La sociedad de masas es una sociedad uniformizada, pero
tremendamente jerarquizada. La cúspide dirigente no la conforma una clase de
propietarios o de rentistas, sino una verdadera clase de gestores. El poder
deriva pues de la función, no del haber. La decisión se concentra en la parte
alta de la jerarquía social; la desposesión, principalmente en forma de empleo
basura, precariedad laboral y exclusión, se ceba en la parte más baja. Las
capas intermedias, encerradas en su vida privada, ni sienten ni padecen;
simplemente consienten. Sin embargo, cuando la crisis económica las alcanza, las
tira hacia abajo. Entonces, dichos estratos, denominados por los sociólogos
clases medias, salen de ese inmovilismo que era basamento del sistema de
partidos, contaminan los movimientos sociales y toman iniciativas políticas que
se concretan en nuevas formaciones. Su finalidad no es evidentemente la
emancipación del proletariado, o una sociedad libre de productores libres, o el
socialismo.

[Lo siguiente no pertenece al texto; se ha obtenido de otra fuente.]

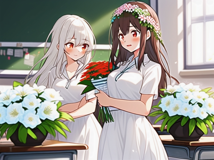 花艺教室里弥漫着清新怡人的花香。美咲和瑞奈坐在一起,开始用百合花编织花环。美咲娴熟的手法让花环越织越漂亮,而瑞奈则有些手忙脚乱。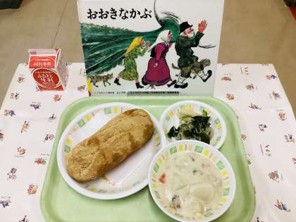 今日の給食は、きな粉あげパン、おおきなかぶのシチュー、じゃこサラダ、牛乳です。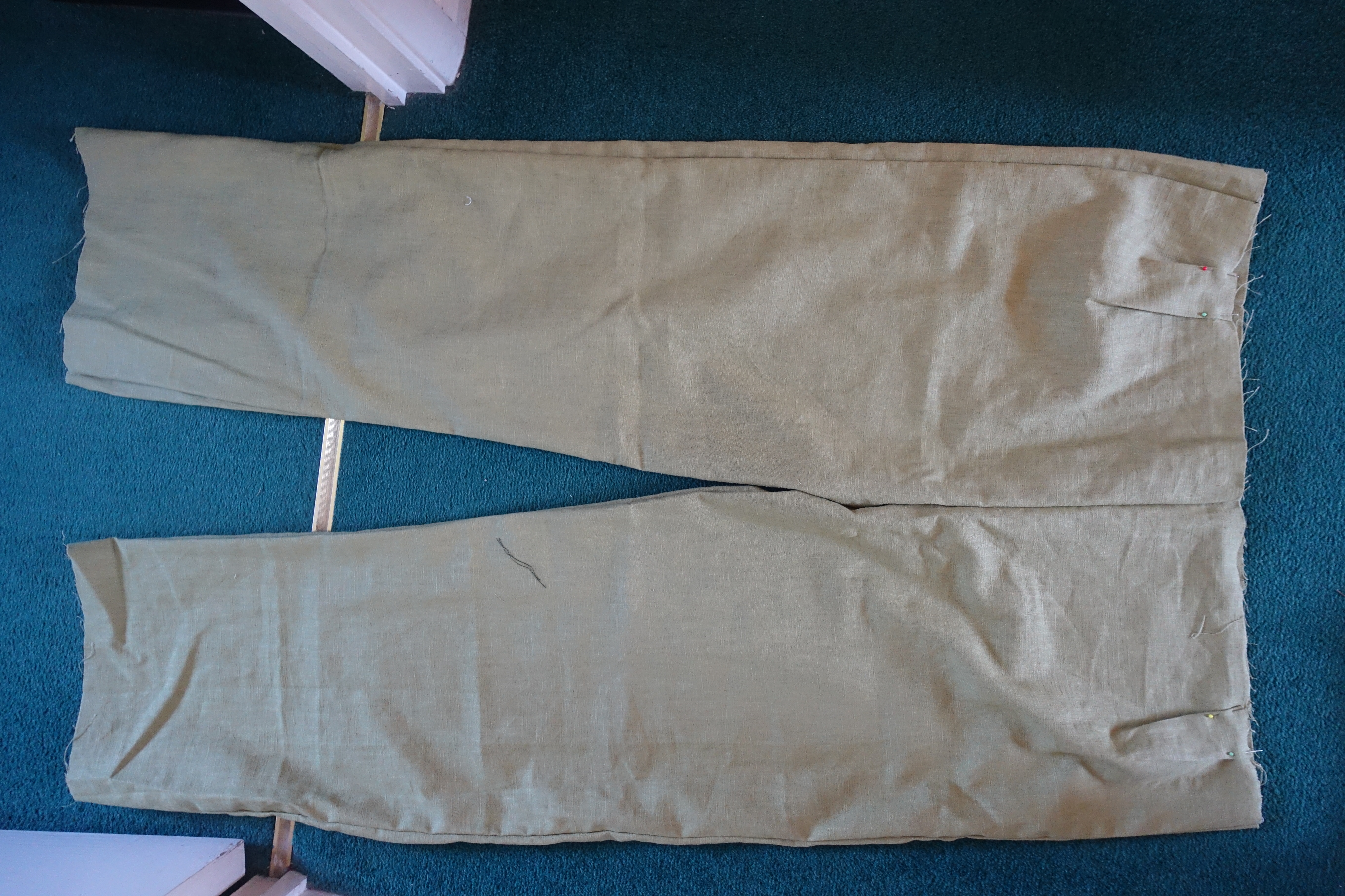 Next I took the waistband, sewed the ends together, folded it in half width wise and then pressed it. Check to make sure it fits inside the trouser top, mine didn't and I had to add some more on to it.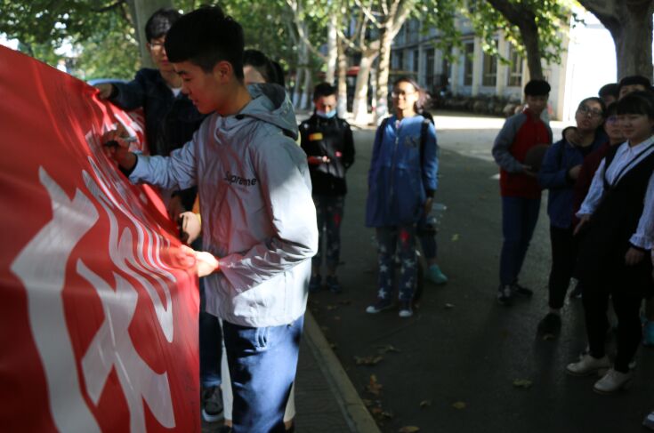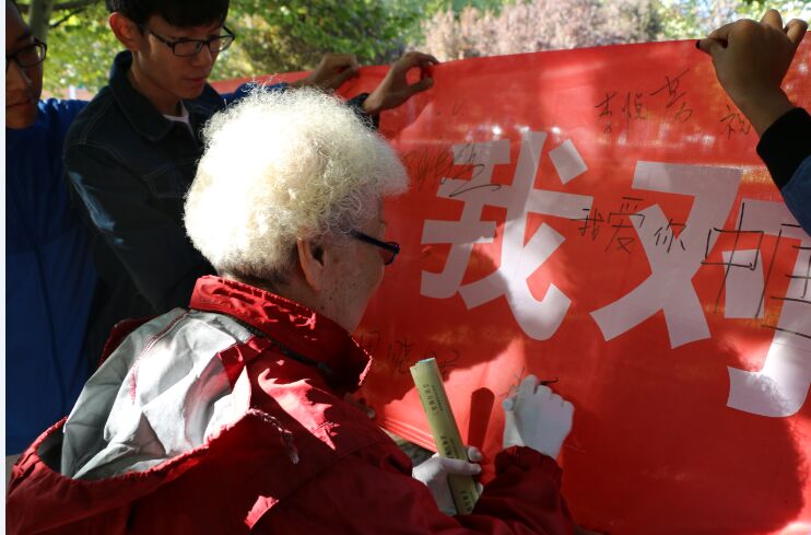 活动于下午3时正式开始。秋日的阳光透过树叶打到照相机上,对着镜头,公司青年与志愿者协会全体成员纷纷发表了内心对祖国的由衷祝福,祝福我们的祖国妈妈66周年生日快乐,希望透过镜头一起记录下这美好的时刻。随后,这种爱国氛围立即吸引了路过的同学们,同学们纷纷参与其中,并在表达祝福的同时在条幅上写上了名字和祝福语,更有路过的老奶奶停下来为同学们讲爱国故事,同学们一起感受着这难忘的时间。

El objetivo es mucho más prosaico, puesto que no apunta más que al
rescate de la clase media, o sea, a su desproletarización por la vía
político-administrativa.
La expansión del capitalismo, geográfica y socialmente,
comportó la expansión de sectores asalariados ligados a la racionalización del
proceso productivo, a la terciarización de la economía, a la profesionalización
de la vida pública y a la burocratización estatal: funcionarios, asesores,
expertos, técnicos, empleados, periodistas, profesiones liberales, etc. Su
estatus se desprendía de su preparación académica, no de la propiedad de sus
medios de trabajo. La socialdemocracia alemana clásica vio en esas nuevas
“clases medias” un factor de estabilidad que hacía posible una política
reformista, moderada y gradual, y desde luego, un siglo más tarde, su
ampliación permitió que el proceso globalizador llegara al límite sin
demasiadas dificultades. El crecimiento exponencial del número de estudiantes
fue el signo más elocuente de su prosperidad; en cambio, el desempleo de los
diplomados ha sido el indicador más claro de la desvalorización de los estudios
y, por lo tanto, el termómetro de su abrupta proletarización. Su respuesta a la
misma, por supuesto, no adopta rasgos anticapitalistas, ajenos completamente a
su naturaleza, sino que se materializa en una modificación moderada de la
escena política que reaviva el reformismo de antaño, centrista o
socialdemócrata, pomposamente denominada “asalto a las instituciones”.